_Extracted entries_
● ● ● ● ● ● ●
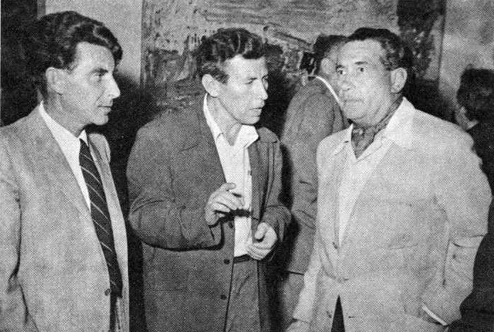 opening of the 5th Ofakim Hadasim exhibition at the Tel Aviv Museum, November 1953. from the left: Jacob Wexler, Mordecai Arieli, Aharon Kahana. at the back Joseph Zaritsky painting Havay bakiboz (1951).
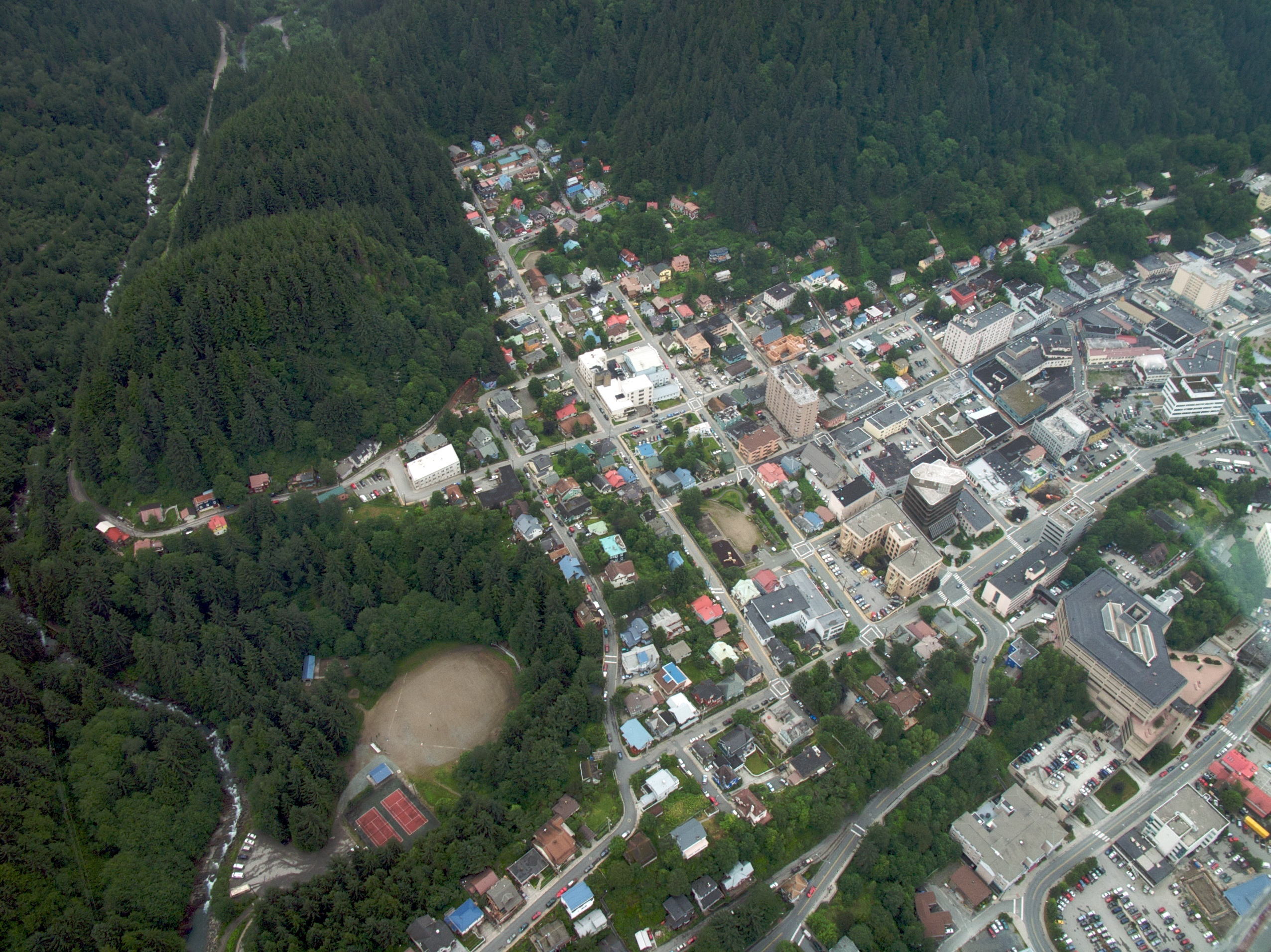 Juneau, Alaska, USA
● ● ● ● ● ● ●
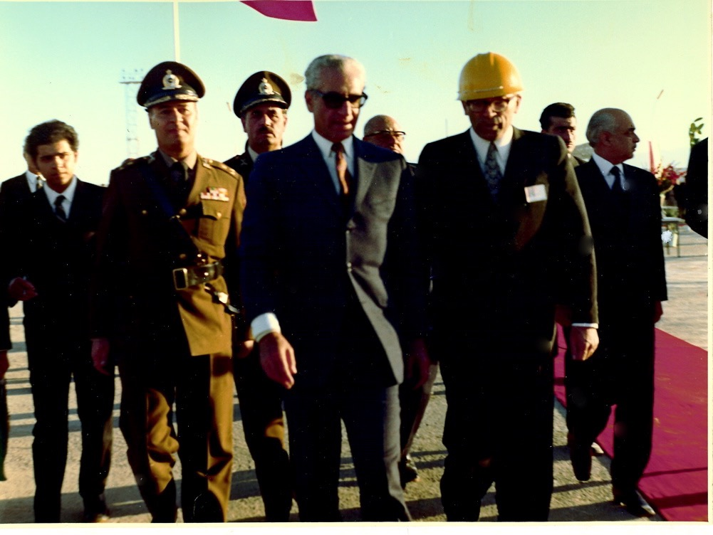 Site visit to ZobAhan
● ● ● ● ● ● ●
Transcribe exactly the lines above, beginning at the one with "opening of the" and going up to and including the one with "Juneau, Alaska, USA". Pictures do not belong in the copy.

_Answer box_
 opening of the 5th Ofakim Hadasim exhibition at the Tel Aviv Museum, November 1953. from the left: Jacob Wexler, Mordecai Arieli, Aharon Kahana. at the back Joseph Zaritsky painting Havay bakiboz (1951).
 Juneau, Alaska, USA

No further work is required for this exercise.